### Brief
Pictures excluded, output the lines of the data below between the one holding "走进岳阳县新开镇兴胜鞋材加工" and the one holding "böyük məsafə mövcuddur.", inclusive, exactly as they stand.

### Dataset records
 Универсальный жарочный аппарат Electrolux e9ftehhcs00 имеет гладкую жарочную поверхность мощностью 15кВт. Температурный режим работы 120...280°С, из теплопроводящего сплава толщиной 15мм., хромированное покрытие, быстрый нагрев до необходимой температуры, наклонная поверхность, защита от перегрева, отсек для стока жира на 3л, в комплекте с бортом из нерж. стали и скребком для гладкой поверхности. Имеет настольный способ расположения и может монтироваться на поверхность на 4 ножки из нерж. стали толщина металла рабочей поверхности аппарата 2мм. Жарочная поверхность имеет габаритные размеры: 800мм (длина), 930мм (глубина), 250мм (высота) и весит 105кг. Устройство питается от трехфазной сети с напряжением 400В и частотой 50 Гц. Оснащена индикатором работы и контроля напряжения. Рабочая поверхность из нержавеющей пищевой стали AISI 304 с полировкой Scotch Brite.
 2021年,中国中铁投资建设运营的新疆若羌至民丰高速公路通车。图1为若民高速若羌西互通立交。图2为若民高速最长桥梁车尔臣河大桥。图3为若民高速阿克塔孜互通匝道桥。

* * *

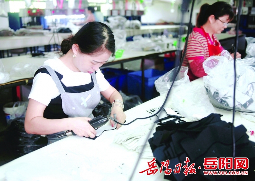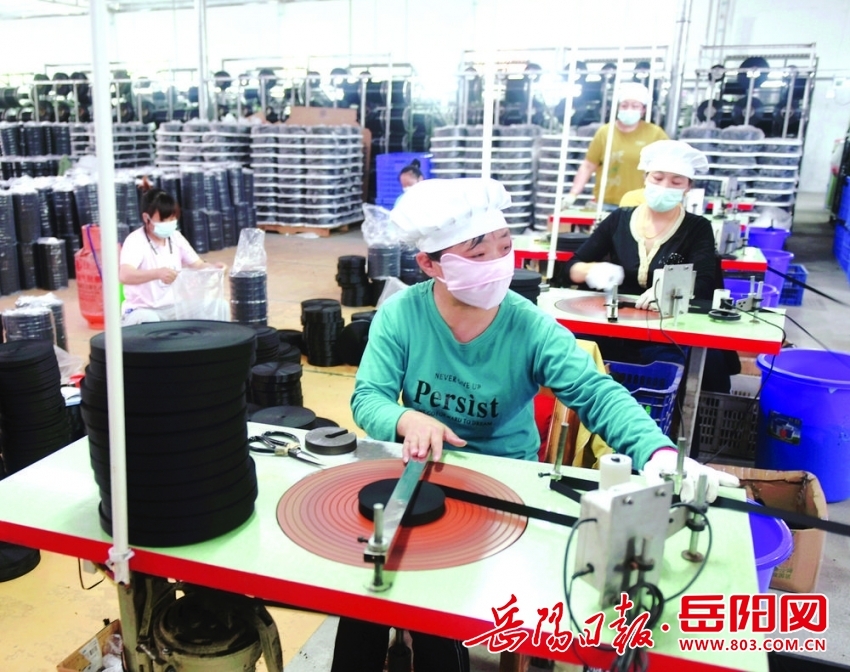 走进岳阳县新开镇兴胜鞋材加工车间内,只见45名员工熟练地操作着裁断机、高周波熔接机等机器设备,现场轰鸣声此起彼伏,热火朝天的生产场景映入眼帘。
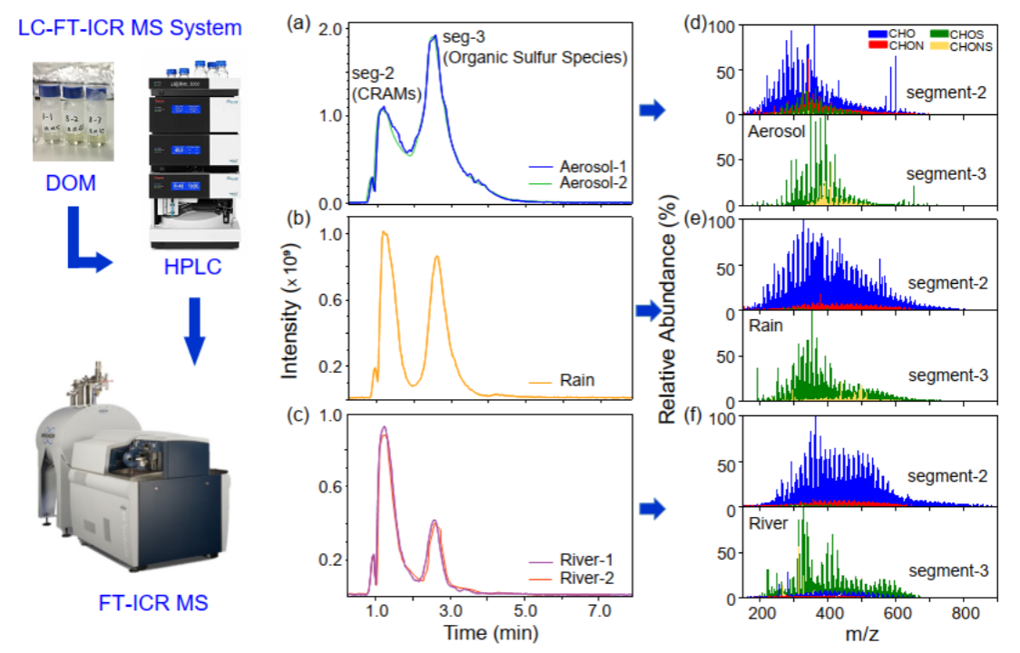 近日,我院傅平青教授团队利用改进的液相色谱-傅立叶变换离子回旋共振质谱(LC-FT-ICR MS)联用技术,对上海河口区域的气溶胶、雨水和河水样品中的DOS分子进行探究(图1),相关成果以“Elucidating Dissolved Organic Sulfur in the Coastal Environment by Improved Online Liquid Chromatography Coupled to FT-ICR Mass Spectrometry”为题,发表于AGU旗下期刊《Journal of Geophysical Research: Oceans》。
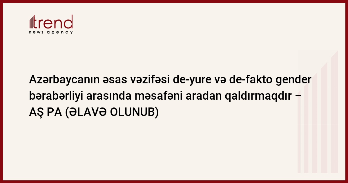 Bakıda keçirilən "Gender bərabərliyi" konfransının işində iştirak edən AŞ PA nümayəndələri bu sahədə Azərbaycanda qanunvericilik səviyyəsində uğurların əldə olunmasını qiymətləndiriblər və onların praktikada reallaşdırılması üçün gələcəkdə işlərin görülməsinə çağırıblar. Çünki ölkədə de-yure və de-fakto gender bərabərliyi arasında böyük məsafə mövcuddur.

* * *

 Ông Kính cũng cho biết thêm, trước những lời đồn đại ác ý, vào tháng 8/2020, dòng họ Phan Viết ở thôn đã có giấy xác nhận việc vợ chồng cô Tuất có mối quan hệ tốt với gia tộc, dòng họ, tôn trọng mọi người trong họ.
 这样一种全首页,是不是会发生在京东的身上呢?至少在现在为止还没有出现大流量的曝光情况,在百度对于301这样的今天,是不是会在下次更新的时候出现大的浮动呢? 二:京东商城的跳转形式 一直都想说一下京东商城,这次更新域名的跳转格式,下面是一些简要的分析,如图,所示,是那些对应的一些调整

### Written response
 走进岳阳县新开镇兴胜鞋材加工车间内,只见45名员工熟练地操作着裁断机、高周波熔接机等机器设备,现场轰鸣声此起彼伏,热火朝天的生产场景映入眼帘。
 近日,我院傅平青教授团队利用改进的液相色谱-傅立叶变换离子回旋共振质谱(LC-FT-ICR MS)联用技术,对上海河口区域的气溶胶、雨水和河水样品中的DOS分子进行探究(图1),相关成果以“Elucidating Dissolved Organic Sulfur in the Coastal Environment by Improved Online Liquid Chromatography Coupled to FT-ICR Mass Spectrometry”为题,发表于AGU旗下期刊《Journal of Geophysical Research: Oceans》。
 Bakıda keçirilən "Gender bərabərliyi" konfransının işində iştirak edən AŞ PA nümayəndələri bu sahədə Azərbaycanda qanunvericilik səviyyəsində uğurların əldə olunmasını qiymətləndiriblər və onların praktikada reallaşdırılması üçün gələcəkdə işlərin görülməsinə çağırıblar. Çünki ölkədə de-yure və de-fakto gender bərabərliyi arasında böyük məsafə mövcuddur.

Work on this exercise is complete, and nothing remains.